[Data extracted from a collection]
+===+
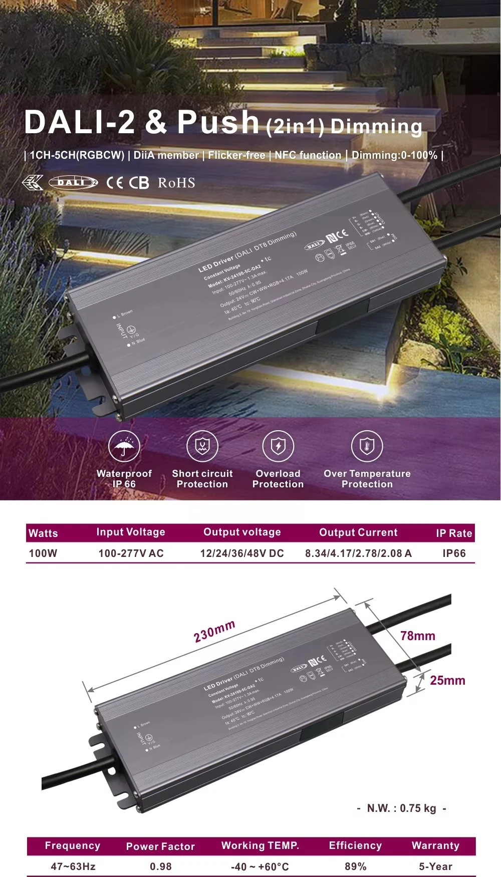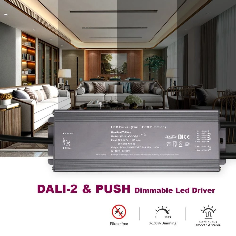 중국의 전문 LED 드라이버 제조업체인 Starwell의 이 100W DALI 정전압 CCT 디밍 LED 드라이버는 DALI-2 인증을 받았으며 원활한 조명 제어를 위해 0.1%에서 100%까지 정밀한 디지털 디밍을 제공합니다. 여기에는 자유 공기 대류를 통한 수동 냉각을 통해 단락, 과부하 및 과열에 대한 필수 보호 기능이 포함되어 있습니다.
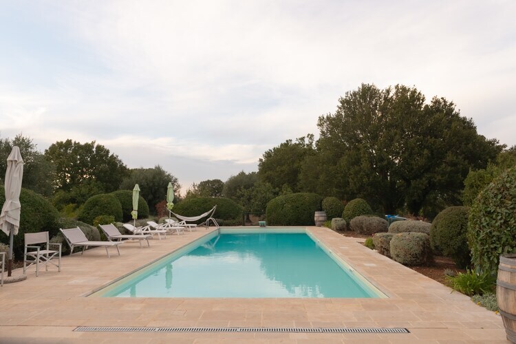 Salle de séjour(TV), cuisine(foyer(gaz), four, réfrigérateur), chambre(lit double), chambre(lit double), chambre(lit double), chambre(lit double), salle de bains(douche, WC, bidet), salle de bains(douche, WC, bidet), salle de bains(douche, WC), cheminée, grill, lave-linge , terrasse, mobilier de jardin, transats, parking, parasol, piscine(privé, extérieur, 15 x 5 m.)
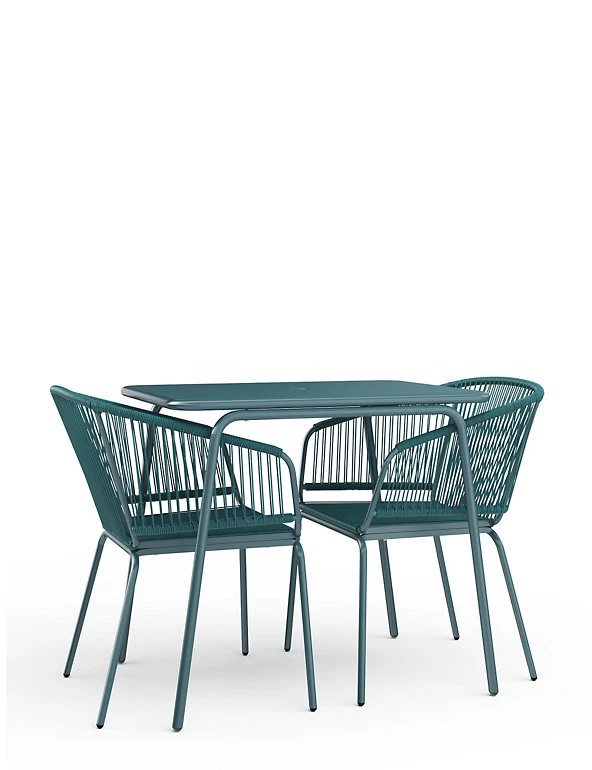 Enjoy an al fresco dinner with this bistro table set from the Lois collection. It includes two curved woven chairs and a matching table crafted from durable metal. The powder coating adds a protective layer for long-lasting wear.
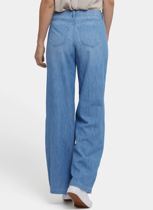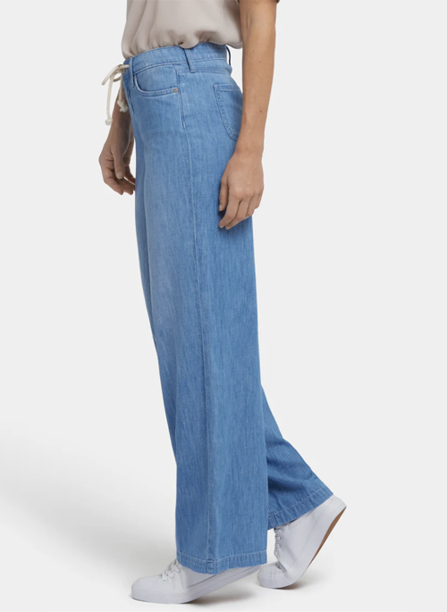 The Teresa Wide Leg Jeans with Drawstring Waist by NYDJ have a breezy, laid-back look that's super flattering. Designed to sit a little lower on the waist, they can also be worn as a high-rise silhouette pulled up to the natural waist. Lift Tuck® Technology inside smooths you out with a proprietary slimming panel featuring a patented criss-cross design. Soft lightweight denim provides a cool, comfortable feel. Finished with five-pocket styling, a zip fly with button closure and trouser hems. Riviera Sky is a vintage-tinted light blue wash with heavy fading on the front thighs and seat, blended whiskers on the front hips, distressing on the right thigh and highlighted-crease hem detail. This jean is made with earth-friendly methods that result in reduced consumption of water, chemicals and/or energy.
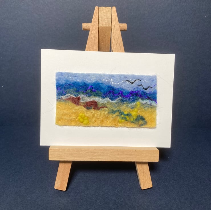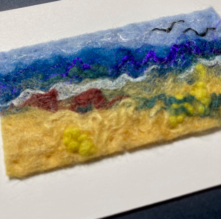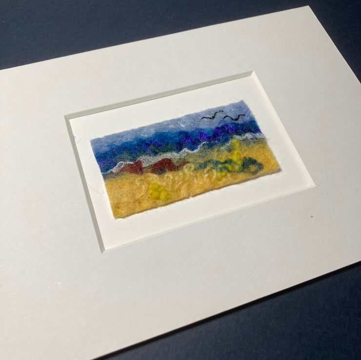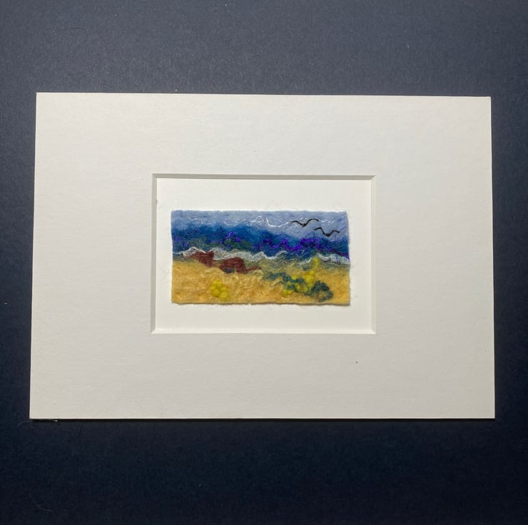 A mini felted seascape picture made by wet felting woollen fibres with other fibres added for effect and detail. Hand embroidery has been added to enhance the picture. The finished picture has been mounted by means of stitching onto a piece of white card which is aceo sized (2.5” x 3.5”). The photographs show both the final piece and also the piece displayed in a 5” x 7” mount (not included). The picture will be shipped with a small envelope to enable it to be given as a gift.
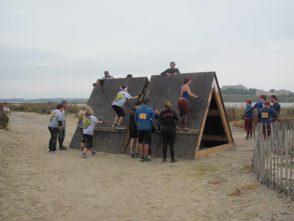 Face à la cathédrale de Maguelone au fond à droite, le chemin de croix ne fait que commencer pour la plupart des concurrents de la seconde édition de la ruée des fadas de Palavas-les-Flots, le dimanche 18 octobre 2015. Copyright : Edouard Paris
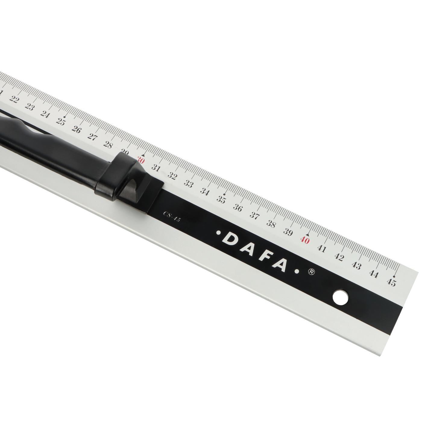 Dzięki grubej krawędzi idealnie nadaje się do prowadzenia noża, a czytelna podziałka metryczna zapewnia precyzyjne pomiary i trasowanie.
+===+
- [Work to complete] Using the data above, output the line that has "extérieur, 15 x 5 m.)", the line that has "The Teresa Wide", and whatever lines fall between, each exactly as it stands and without pictures.

- [Answer section]
 Salle de séjour(TV), cuisine(foyer(gaz), four, réfrigérateur), chambre(lit double), chambre(lit double), chambre(lit double), chambre(lit double), salle de bains(douche, WC, bidet), salle de bains(douche, WC, bidet), salle de bains(douche, WC), cheminée, grill, lave-linge , terrasse, mobilier de jardin, transats, parking, parasol, piscine(privé, extérieur, 15 x 5 m.)
 Enjoy an al fresco dinner with this bistro table set from the Lois collection. It includes two curved woven chairs and a matching table crafted from durable metal. The powder coating adds a protective layer for long-lasting wear.
 The Teresa Wide Leg Jeans with Drawstring Waist by NYDJ have a breezy, laid-back look that's super flattering. Designed to sit a little lower on the waist, they can also be worn as a high-rise silhouette pulled up to the natural waist. Lift Tuck® Technology inside smooths you out with a proprietary slimming panel featuring a patented criss-cross design. Soft lightweight denim provides a cool, comfortable feel. Finished with five-pocket styling, a zip fly with button closure and trouser hems. Riviera Sky is a vintage-tinted light blue wash with heavy fading on the front thighs and seat, blended whiskers on the front hips, distressing on the right thigh and highlighted-crease hem detail. This jean is made with earth-friendly methods that result in reduced consumption of water, chemicals and/or energy.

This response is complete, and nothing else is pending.